The former guard recalled being called in the middle of the night by a senior official who invited him into his room.
In another case, he found a bottle of whisky in his room with a visiting card left by a bishop.
A priest, he said, invited him to dinner, saying that the guard would serve afterwards as dessert.
He also claimed that a high official fondled him.
The ex-guard said that he reported the cases to his superiors, complaining of harassment, but received no support for his allegations.
Urs Breitenmoser, a spokesman for the Swiss Guard, told Schweiz am Sonntag that “the rumour of a homosexual network in the heart of the Vatican was not a problem”.
Moser said the preoccupations of the guards were “above all religious and military”.
But the ex-guard said his experience had shaken his belief in the church.

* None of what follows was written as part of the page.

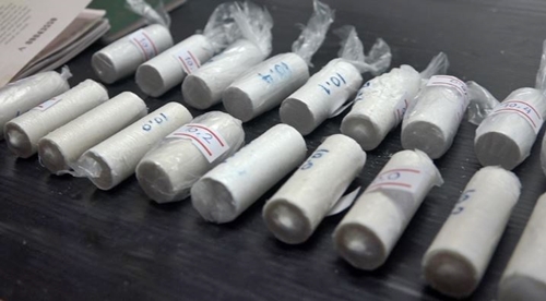 Tubes of cocaine police seized from the suspect’s rented house. (Photo: Matichon)

He said he could not understand the “hypocrisy” of those who oppose sex outside of marriage and support the excommunication of divorcees.
In November, current Pope Francis said at a news conference that he wouldn’t judge priests for their sexual orientation.
“If someone is gay and he searches for the Lord and has good will, who am I to judge?” the pope said.
“We shouldn’t marginalize people for this,” he added.
“They must be integrated into society.”
Francis said that gay priests should be forgiven and their sins forgotten in a shift from his predecessor Pope Benedict XVI who ruled that gays should not be priests.
The Swiss Guard was shaken earlier by a gay controversy at the Vatican in 1998 when its commander Alois Estermann and his wife were shot dead by young guard Cédric Tornay, who later turned the gun on himself.
According to a book about the Vatican by British journalist John Follain, Tornay and Estermann had a homosexual affair.
Estermann subsequently had a relationship with another guard and refused to award a three-year service medal to Tornay, which led the guard to kill him, Follain maintains.
Last July, an Italian weekly reported that Battista Ricca, appointed by Pope Francis to a top position at the Vatican bank, had had sexual relations with a Swiss army officer, amongst others.
A Vatican spokesman dismissed the report as “not credible”.